• [What you have to do] Look below for the line with "Conmutador HDMI 3" and the line with "Het perceel waarop"; repeat exactly those two lines and all lines between them, but no pictures.

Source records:
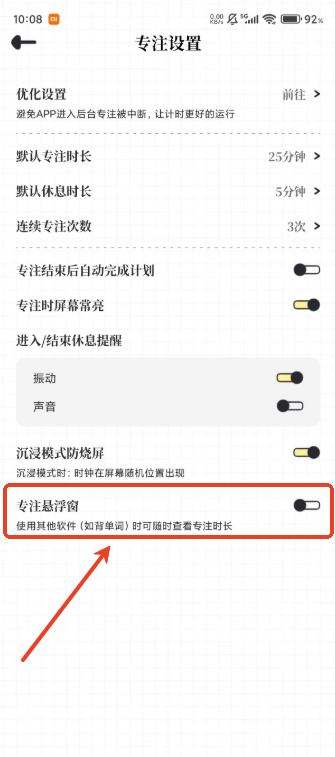 3.开启悬浮窗,这样就可以边计时边使用其他软件学习了。
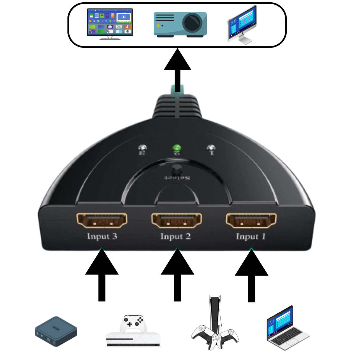 Conmutador HDMI 3 Puertos – Conexión Rápida y de Alta Calidad
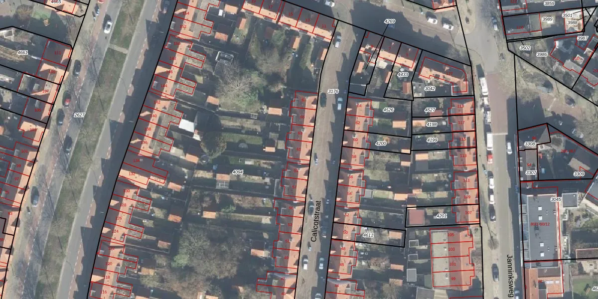 Het perceel waarop Calicotstraat 61 staat heeft een oppervlakte van 8551 m². Dit is een zeer groot perceel. De perceeloppervlakte wordt geregistreerd door het Kadaster. Gedetailleerde informatie over de maten van dit perceel kunt u vinden in het rapport Kadastrale kaart met maatvoering van Calicotstraat 61.
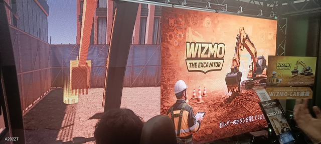 これは建設機械の操作がシュミレーションできるものです。このコクピットは、その座席自体が実働に合わせて傾きを示してくれる代物でした。試してみる価値がありましたが、待ち時間の関係で体験せずに次のブースに移動しました。
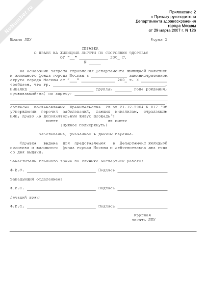 Справка о праве на жилищные льготы по состоянию здоровья (форма № 2)
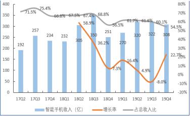 2019年,智能手机部分的收入达1221亿元,同比增长7.3%,2019Q4,智能手机部分的收入308亿元,同比增长22.8%。销量方面,2019全年,智能手机销量达到124.6百万部,2019Q4,智能手机销量达到32.6百万部,同比增长30.5%。
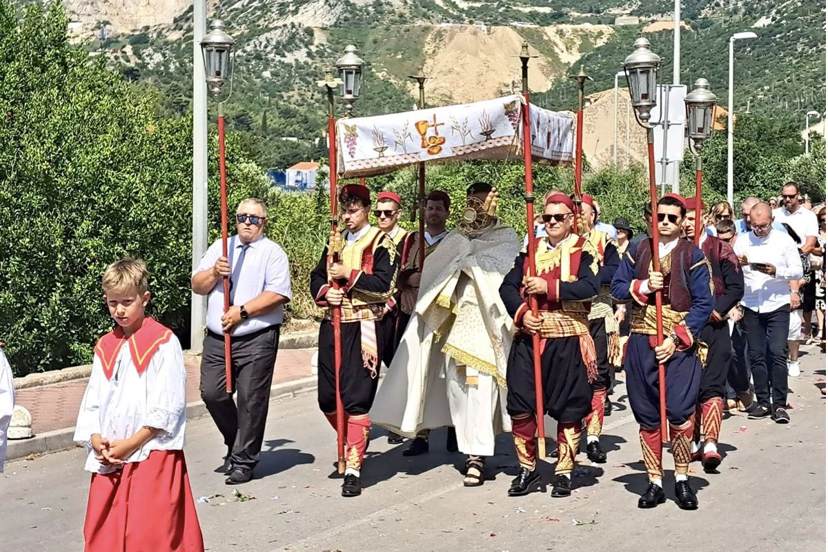 Tijelovske procesije s Presvetim oltarskim sakramentom tradicionalno se održavaju u svim našim župama. I ove godine donosimo fotogaleriju s procesije u Župi Svete Marije Magdalene Putem Dragovoljaca Domovinskog rata, te video povijanja barjaka ispred župne crkve.

• [Your solution]
 Conmutador HDMI 3 Puertos – Conexión Rápida y de Alta Calidad
 Het perceel waarop Calicotstraat 61 staat heeft een oppervlakte van 8551 m². Dit is een zeer groot perceel. De perceeloppervlakte wordt geregistreerd door het Kadaster. Gedetailleerde informatie over de maten van dit perceel kunt u vinden in het rapport Kadastrale kaart met maatvoering van Calicotstraat 61.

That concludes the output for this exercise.